___ Extracted entries ___

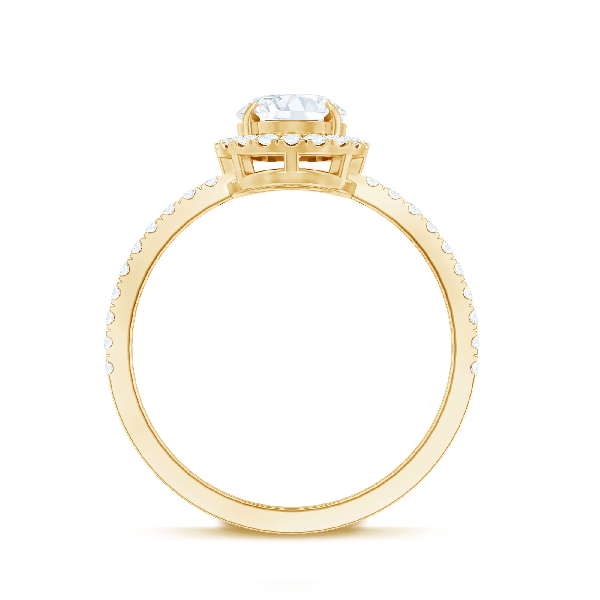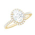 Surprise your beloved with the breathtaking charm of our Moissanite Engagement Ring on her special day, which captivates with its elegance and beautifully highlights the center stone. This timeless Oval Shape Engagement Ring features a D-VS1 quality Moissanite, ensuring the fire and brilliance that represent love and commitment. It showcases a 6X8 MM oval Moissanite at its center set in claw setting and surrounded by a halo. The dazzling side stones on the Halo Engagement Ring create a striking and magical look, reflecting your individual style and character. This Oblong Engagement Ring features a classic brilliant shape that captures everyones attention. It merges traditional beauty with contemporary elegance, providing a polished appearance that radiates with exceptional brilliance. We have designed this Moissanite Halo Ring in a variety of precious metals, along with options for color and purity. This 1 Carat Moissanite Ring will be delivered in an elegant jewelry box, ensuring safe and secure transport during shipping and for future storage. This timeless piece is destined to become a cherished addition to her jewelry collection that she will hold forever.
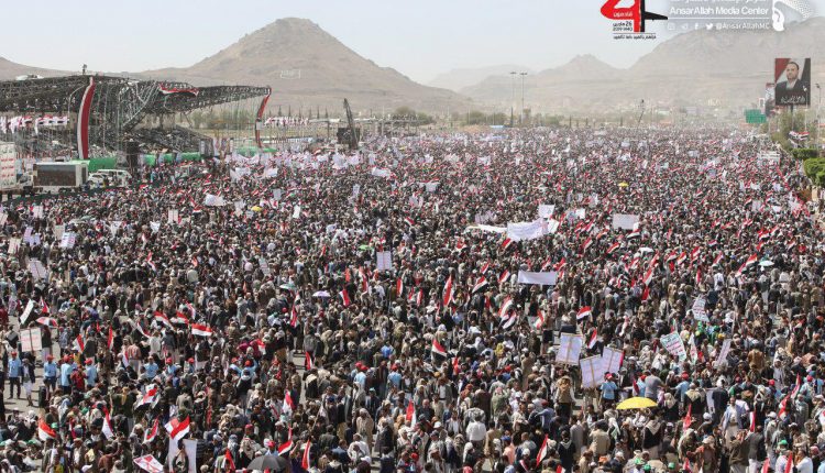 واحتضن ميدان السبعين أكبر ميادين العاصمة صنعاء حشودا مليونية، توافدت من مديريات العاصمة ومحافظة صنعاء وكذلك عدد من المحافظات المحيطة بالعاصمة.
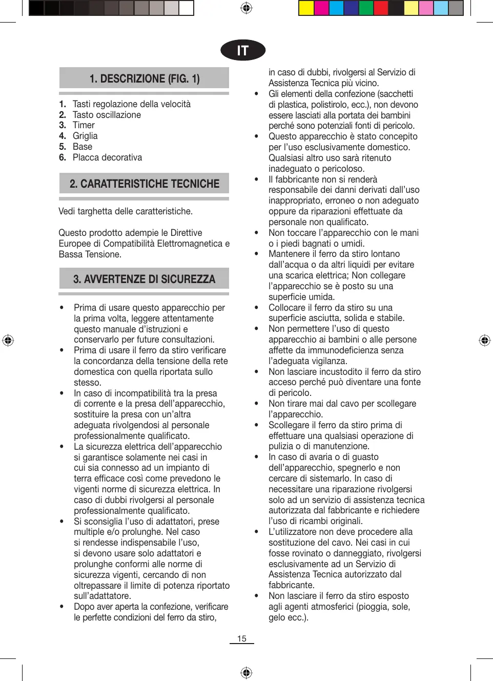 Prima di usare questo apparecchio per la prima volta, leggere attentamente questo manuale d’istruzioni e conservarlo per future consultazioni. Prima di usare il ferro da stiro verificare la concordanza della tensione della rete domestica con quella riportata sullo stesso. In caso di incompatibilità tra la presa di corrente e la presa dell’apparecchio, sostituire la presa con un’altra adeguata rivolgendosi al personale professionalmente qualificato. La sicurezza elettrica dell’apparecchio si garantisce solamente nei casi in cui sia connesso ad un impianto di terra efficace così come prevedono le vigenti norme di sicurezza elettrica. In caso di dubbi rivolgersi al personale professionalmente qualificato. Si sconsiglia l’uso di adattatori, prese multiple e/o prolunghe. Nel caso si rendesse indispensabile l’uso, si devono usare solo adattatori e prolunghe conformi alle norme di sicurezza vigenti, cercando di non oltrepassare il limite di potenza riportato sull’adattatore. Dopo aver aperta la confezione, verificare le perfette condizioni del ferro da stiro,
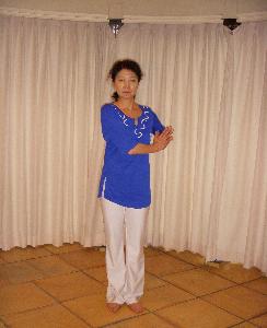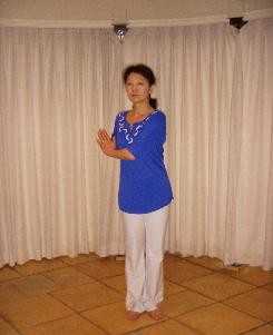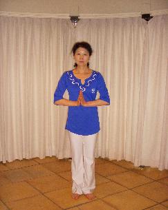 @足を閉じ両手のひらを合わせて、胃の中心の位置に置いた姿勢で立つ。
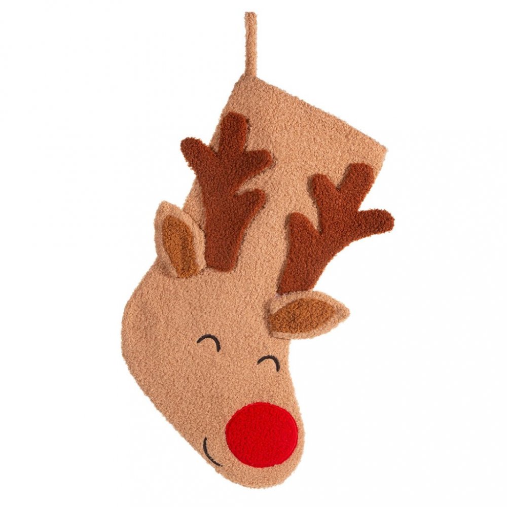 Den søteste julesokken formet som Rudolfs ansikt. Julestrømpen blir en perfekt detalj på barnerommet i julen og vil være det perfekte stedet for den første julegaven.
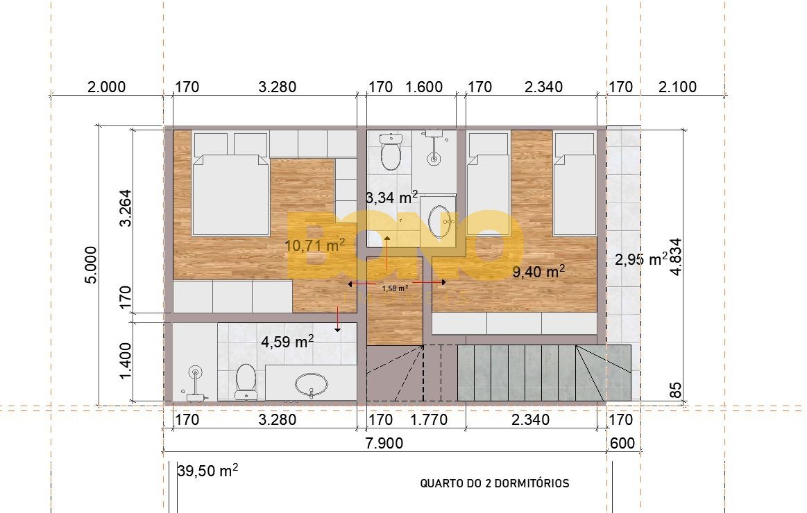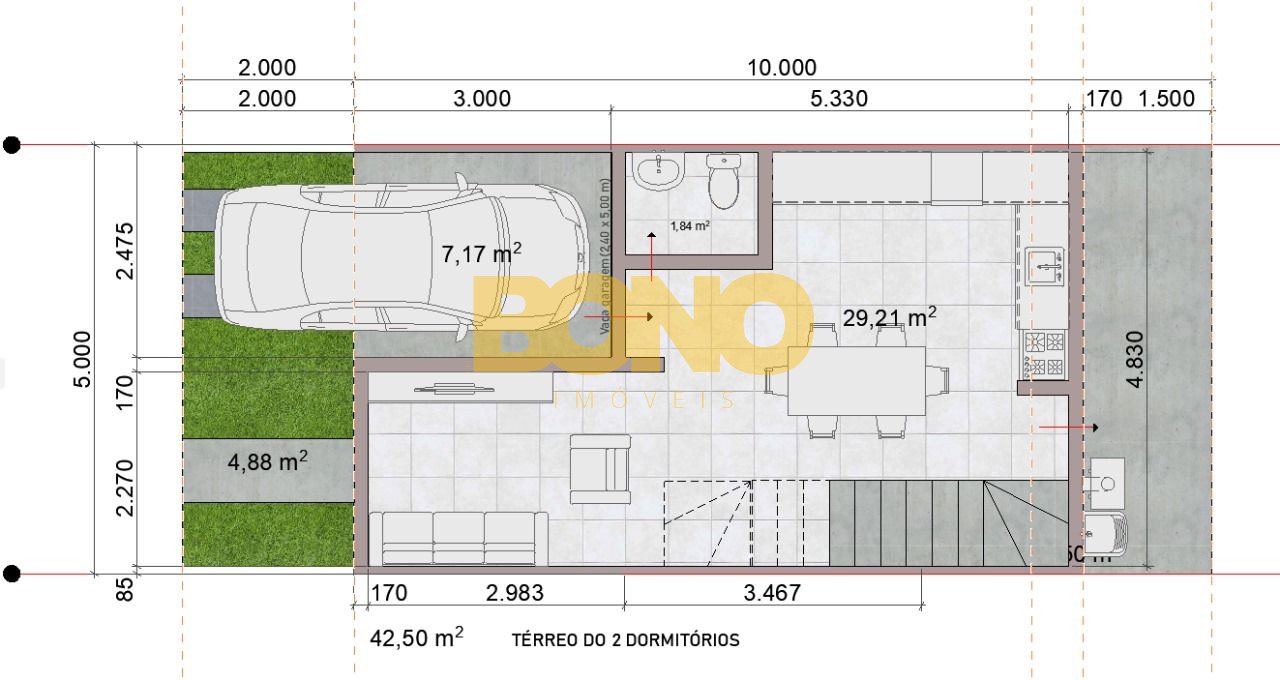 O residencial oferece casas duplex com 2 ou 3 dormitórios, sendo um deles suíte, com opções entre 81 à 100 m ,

___

• **Exercise prompt**: The range to transcribe runs from the line holding "Den søteste julesokken" through the final line of the data above; copy it exactly and exclude the pictures.

• **Solution for this problem**:
 Den søteste julesokken formet som Rudolfs ansikt. Julestrømpen blir en perfekt detalj på barnerommet i julen og vil være det perfekte stedet for den første julegaven.
 O residencial oferece casas duplex com 2 ou 3 dormitórios, sendo um deles suíte, com opções entre 81 à 100 m ,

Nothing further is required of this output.